Collectively, the above studies provide sound support for the efficacy of CM when implemented in community clinics in the U.S. and abroad.
3.2.4. Incorporating new technologies into CM
CM interventions often entail frequent objective monitoring of target behaviors, which can be cumbersome on clinical staff and patients alike and also limit the reach of CM. Investigators are increasingly utilizing remote behavior-monitoring technologies to surmount this problem (see Kurti et al., 2016, for a review). That and other novel technological advances described below led us to include this additional trend (Table 3). Eight of the 69 studies (11.5%) were categorized under this trend, with seven (87.5%) targeting abstinence from cigarette smoking (three studies) and alcohol use (four studies) and the eighth (12.5%) targeting adherence to remote monitoring of cocaine craving. All eight studies (100%) reported significant treatment effects. An effect size could be calculated for seven of those 8 studies, with an average of 0.70 (95% CI: 0.42, 0.98).

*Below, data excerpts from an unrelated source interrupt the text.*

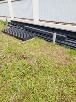 Винтовые сваи вкручены для будущего забора по всему периметру. Забор готов с двух сторон соседей.
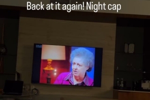 詹姆斯晒出他在酒店房间内观看纪录片剧集《美国法医档案》的动态:“再次观看!睡前放松。”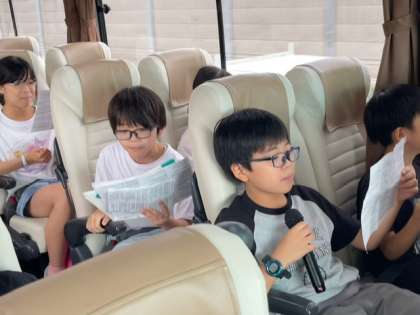 三芳パーキングを出ると、子どもたちのバスレクがはじまりました。1号車はみんなで歌を歌って仲よく楽しんでいます。最初の歌は「夢をかなえてドラえもん」、続いて「Bling-Bang-Bang-Born」「アンパンのマーチ」「ダンスホール」と続きます。気持ちをそろえて盛り上がっています。バスの中が子どもたちの歌声で楽しさあふれています。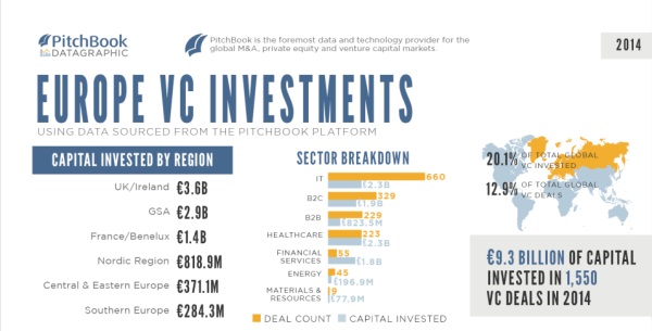 Der Top-Investor in Europa ist überraschenderweise der High-Tech Gründerfonds mit Sitz in Bonn: Der auf Initiative des Bundeswirtschaftsministeriums im Jahr 2005 ins Leben gerufene Fonds unter Beteiligung von BMWi und KfW auf der einen und Industrieunternehmen wie etwa Deutsche Telekom und Siemens auf der anderen Seite schloss 2014 immerhin 58 Deals ab.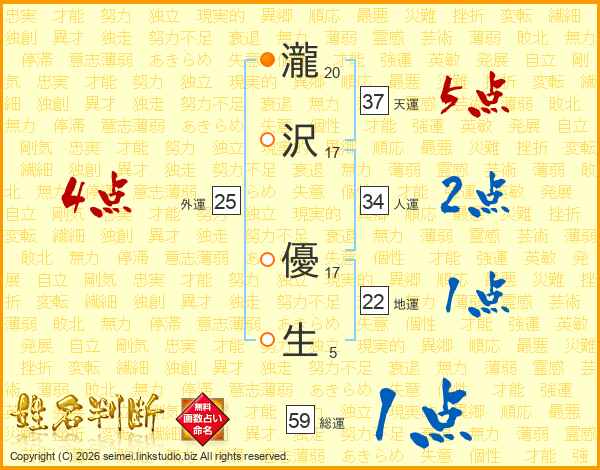 瀧(20画)沢(17画) 優(17画)生(5画)

Only one of these studies evaluated post-incentives maintenance of treatment effects, which were not significant; the effect size was −0.05 (95% CI: −0.85, 0.76) (Dallery et al., 2013).
Table 3.
Study | Primary trend | Additional trends | n | CM duration (weeks) | Maximum earnings | Statistically significant treatment effect | Included follow up? | Statistically significant effects at follow-up | Drug of abuse | CM target |
---|---|---|---|---|---|---|---|---|---|---|
Alessi and Petry (2013) | Technology | N/A | 30 | 4 | $340 | Yes | No | N/A | Alcohol | Abstinence |
Barnett et al. (2011) | Technology | N/A | 13 | 2 | $154 | Yes | No | N/A | Alcohol | Abstinence |
Dallery et al. (2013) | Technology | N/A | 77 | 7 | $530 | Yes | Yes | No | Nicotine | Abstinence |
Dougherty et al. (2014) | Technology | N/A | 26 | 8 | $300 | Yes | No | N/A | Alcohol | Abstinence |
Lindsay et al. (2014) | Technology | N/A | 57 | 2 | CNBD | Yes | No | N/A | Cocaine | Other therapeutic goal |
McDonell et al. (2012) | Technology | N/A | 15 | 4 | $96 | Yes | No | N/A | Alcohol | Abstinence |
Meredith and Dallery (2013) | Technology | N/A | 32 | 2 | $56.25 | Yes | No | N/A | Nicotine | Abstinence |
Meredith et al. (2011) | Technology | N/A | 13 | 2 | $161.50 | Yes | No | N/A | Nicotine | Abstinence |
Defulio et al. (2012) | Pharmacotherapy | N/A | 38 | 24 | CNBD | Yes | No | N/A | Opioids | Other therapeutic goal |
Dunn et al. (2013) | Pharmacotherapy | Special populations | 67 | 26 | CNBD | Yes | No | N/A | Opioids | Other therapeutic goal |
Everly et al. (2011) | Pharmacotherapy | N/A | 35 | 26 | CNBD | Yes | No | N/A | Opioids | Other therapeutic goal |
Gray et al. (2011) | Pharmacotherapy | Special populations | 134 | 6 | $275 | Yes | Yes | No | Nicotine | Abstinence |
Ling et al. (2013) | Pharmacotherapy | N/A | 202 | 16 | $1460.00 | No | N/A | N/A | Opioids | Abstinence |
Tidey et al. (2011) | Pharmacotherapy | Special populations | 57 | 3 | $350 | Yes | No | N/A | Nicotine | Abstinence |
Umbricht et al. (2014) | Pharmacotherapy | N/A | 171 | 12 | $1155.00 | No | No | N/A | Cocaine | Abstinence |
Winstanley et al. (2011) | Pharmacotherapy | N/A | 145 | 12 | $1155.00 | Yes | No | N/A | Cocaine | Abstinence |
Note: primary trend refers to main trend authors assigned study to; Additional trends refers to additional trends study was assigned to aside from the primary trend; n refers to sample size (across all groups); CM duration refers to the number of weeks during which contingent incentives could be earned (CNBD = duration could not be determined); Maximum earnings refers to the maximum amount that could be earned in the intervention (CNBD = maximum earnings could not be determined); Statistically significant treatment effects and effects at follow-up defined in all studies as outcomes significant at p < 0.05; Follow up effects were only evaluated if during treatment effects were statistically significant; drug of abuse refers to drug targeted by CM intervention; CM target refers to the behavior on which incentives were contingent.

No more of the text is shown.